Dr Anita Zaidi, director of vaccine development, surveillance and enteric and diarrhoeal diseases at the Bill & Melinda Gates Foundation, supported global efforts to generate evidence of the efficacy of this vaccine against typhoid fever.
“It is unconscionable that children are still dying by the thousands every year from diseases like typhoid that are completely preventable,” said Dr Anita, an AKU alumnus and former chair of the AKU’s Department of Paediatrics and Child Health.
“We are pleased to support the Sindh government’s initiative as part of our overall strategy to combat typhoid through an integrated approach including access to clean water, improved sanitation and immunisation.”
Researchers from the AKU will be collecting data during the four-month vaccination drive to assess the impact of the typhoid conjugate vaccine in an outbreak setting.
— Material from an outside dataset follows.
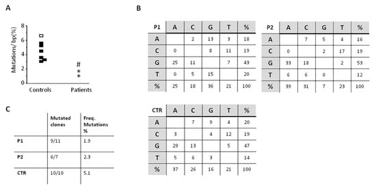 somatic hypermutation (SHM) results on the VH3-23 region of IgM on CD19+CD27+ isolated B cells. (A) Frequency of mutations on IgM+CD27+ B cells purified from controls and patients. Dots represent results for each subject. Controls: Black dots, all 10 clones mutated and white dots, 9/10 clones mutated. Patients: P1, * and P2, #; (B) Nucleotide substitution pattern for P1 (1st evaluation), P2, and control. The same pattern was observed in P1 in the 2nd evaluation. (C) The numbers of mutated clones from all studied clones is shown, as well as the frequency of mutations.

Findings from the study will inform efforts to tackle outbreaks of typhoid in other parts of the world and to investigate if the vaccine should be made part of Pakistan’s national immunisation programme.
Prof Rumina Hasan and Asst Prof Sadia Shakoor of the AKU’s Department of Pathology and Laboratory Medicine and Dr Mohammad Tahir Yousafzai, senior instructor (research) at the Department of Paediatrics and Child Health, were also involved in the research and advocacy efforts to generate evidence on the prevalence of drug-resistant typhoid in Hyderabad.